**Task**.
Every line below from the one containing "Giặt hơi nước 95°C – diệt khuẩn an toàn" through the one containing "IBG 1/72 PZL" is to be printed exactly, with the pictures omitted.

**Data shown**.

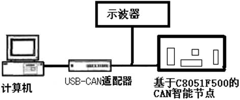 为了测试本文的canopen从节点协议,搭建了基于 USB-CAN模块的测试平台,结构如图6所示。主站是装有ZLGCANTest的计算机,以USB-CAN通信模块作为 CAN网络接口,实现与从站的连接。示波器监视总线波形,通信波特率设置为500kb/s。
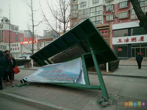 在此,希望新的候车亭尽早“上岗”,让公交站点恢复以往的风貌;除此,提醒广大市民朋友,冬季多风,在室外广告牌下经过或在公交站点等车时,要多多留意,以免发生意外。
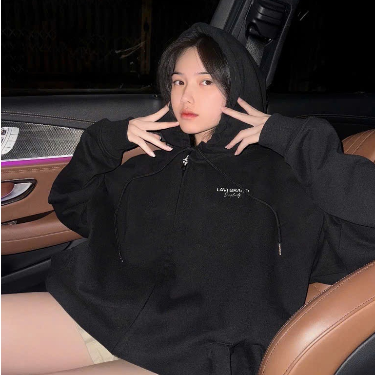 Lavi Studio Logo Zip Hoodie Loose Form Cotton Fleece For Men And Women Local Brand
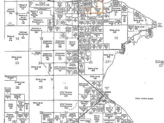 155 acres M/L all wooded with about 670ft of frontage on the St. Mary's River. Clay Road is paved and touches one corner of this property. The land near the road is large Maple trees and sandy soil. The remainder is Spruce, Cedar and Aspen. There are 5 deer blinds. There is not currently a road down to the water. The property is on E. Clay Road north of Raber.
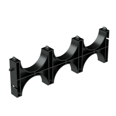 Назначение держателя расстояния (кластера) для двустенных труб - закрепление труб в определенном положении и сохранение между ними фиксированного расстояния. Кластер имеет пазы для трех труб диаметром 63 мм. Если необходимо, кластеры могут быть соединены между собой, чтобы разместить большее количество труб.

---

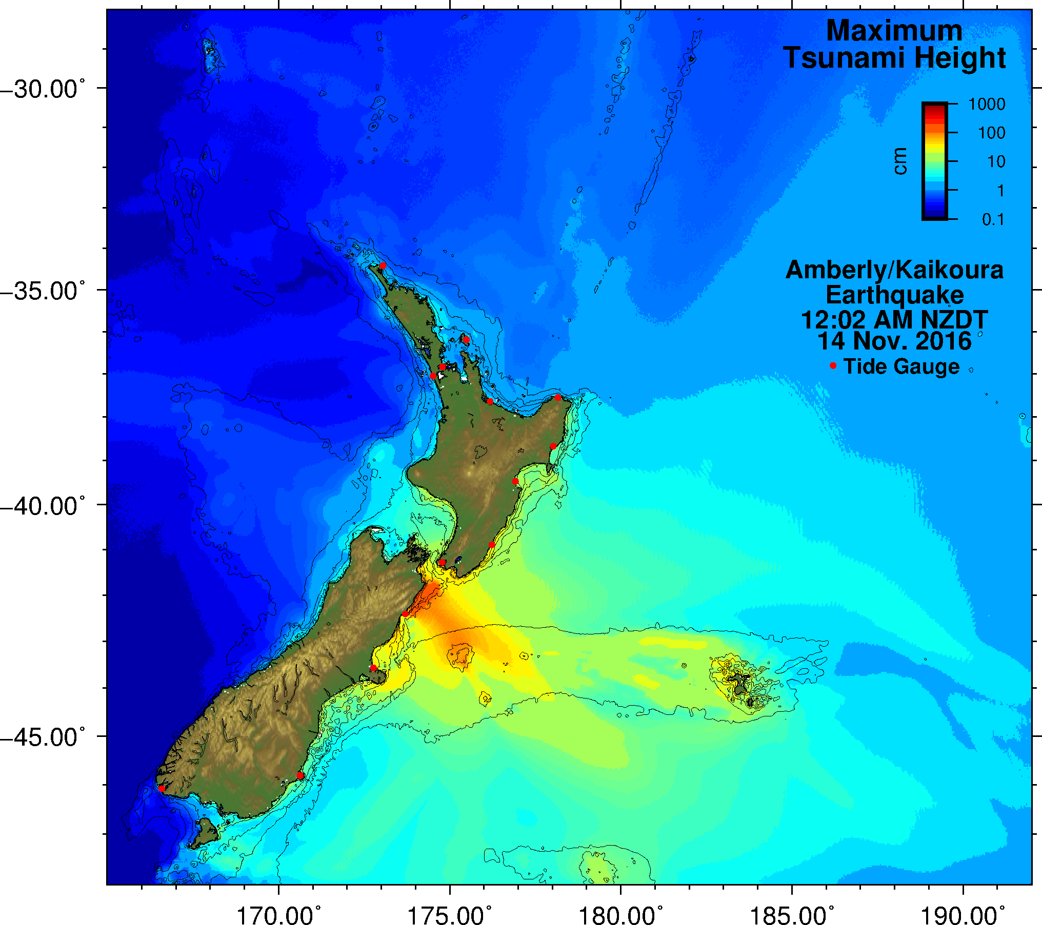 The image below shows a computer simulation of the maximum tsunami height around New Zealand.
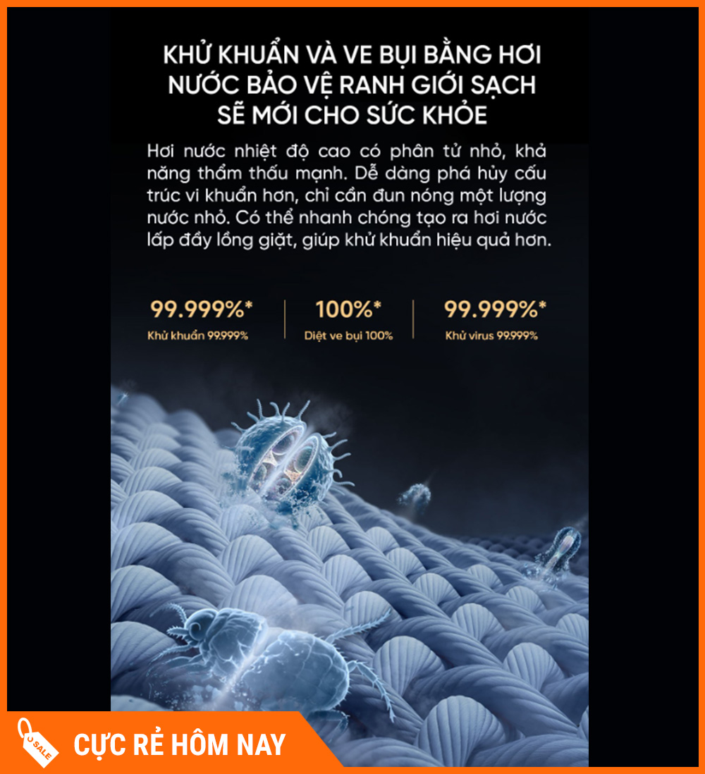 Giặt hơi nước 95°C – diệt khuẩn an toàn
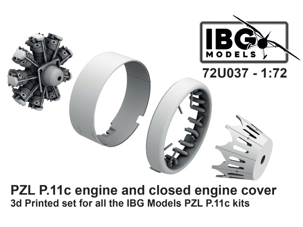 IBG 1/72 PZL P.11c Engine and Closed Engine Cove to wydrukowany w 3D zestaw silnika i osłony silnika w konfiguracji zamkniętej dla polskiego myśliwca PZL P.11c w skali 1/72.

**Completed exercise**.
 Giặt hơi nước 95°C – diệt khuẩn an toàn
 IBG 1/72 PZL P.11c Engine and Closed Engine Cove to wydrukowany w 3D zestaw silnika i osłony silnika w konfiguracji zamkniętej dla polskiego myśliwca PZL P.11c w skali 1/72.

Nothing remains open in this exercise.